Brekkie Crumbs (Notes from the NewsRadio Breakfast team) for Wednesday October 21st
Mark - Breakfast E-P …
I see the former Manly Sea Eagles boss Grant Mayer has been appointed as one of the top executives heading the new AFL franchise to be based in western Sydney.
That’s quite a coup for Aussie Rules.
Mayer is a smooth operator and is regarded as one of the best sports administrators in Australia, with terrific contacts in the Harbour city, particularly in Sydney’s west, where he spent many years with the Canterbury Bulldogs as a marketing manager.
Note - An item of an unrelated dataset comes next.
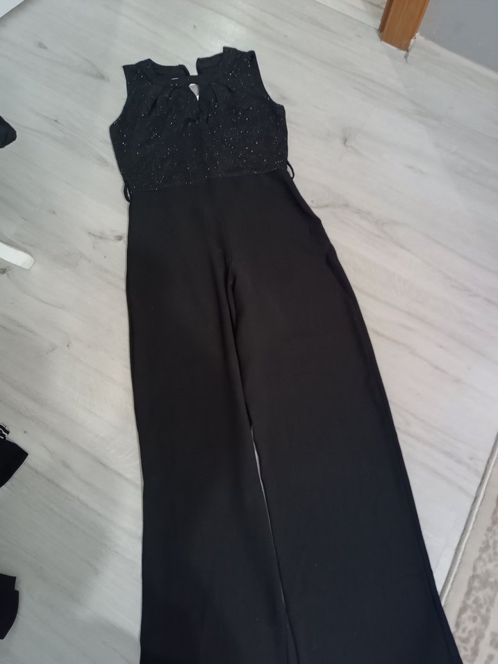 bir kez giydim kemeri mevcutSiyah, kolsuz, V yakalı ve kemerli bel detaylı tulum. Regular fit ve pürüzsüz sentetik kumaştan, düğün için uygun.

His departure from rugby league is a blow, at a time when that code needs all the decent administrators it can get.
Actually, Mayer’s premature departure from Manly is symptomatic of the troubled state of the NRL.
Rugby league loss is AFL’s gain.
But what about the bigger question?
The feasibility of a western Sydney AFL team.
Although a Greater Western Sydney team will take the field in 2012, Dale Holmes, the AFL’s manager for New South Wales and the ACT, yesterday admitted it would take 25 years for the yet-to-be named club to really establish itself, despite all sorts of generous concessions from the AFL, such as having access to nine of the first 15 picks in the previous year’s draft and being able to pick the country’s best 17-year-olds at the end of next season.
And what about encroaching on to what’s traditionally been seen as rugby league’s heartland — Sydney’s west — home to Penrith, Parramatta, the Bulldogs & Wests Tigers?
Well, here’s a newsflash.
The real threat to the AFL is not from rugby league and vice versa.
The reality is that both codes will struggle, as soccer makes greater and greater headway in this country.
Think about the way the A-league has captured public imagination in this country in just five years.
Football Federation Australia recently granted a licence to a western Sydney franchise to take the field in the 2011-2012 season.
They’ll be called the Sydney Rovers.
Think about the way soccer is now marketed as the “World Game” and how we can watch Liverpool, Man United, Arsenal or Chelsea any night of the week on pay-tv.
Think of what getting into the World Cup and being competitive has done for the Socceroos.
Been on a train in Sydney lately?
I remember seeing a giant billboard with Liverpool’s Fernando Torres on it.
Can’t remember seeing Jarryd Hayne or Adam Goodes staring back at me.
Drive around western Sydney on a Saturday or Sunday afternoon and odds-on you’ll see a lot more people playing competitive soccer than rugby league….or AFL for that matter.
There are eleven council areas that make up what’s loosely known as “Western Sydney”.
The 2006 census showed that 33 percent of the 1.8 million people who live in “Western Sydney” were born overseas, and the proportion of those born overseas is increasing faster in Western Sydney than it is in Sydney as a whole.
I bet you not too many of them were handed a Sherrin or a Steeden for their 5th birthday, or for Eid, Hanukkah, the Lunar New Year or Orthodox Christmas.
I reckon the ball would’ve been round.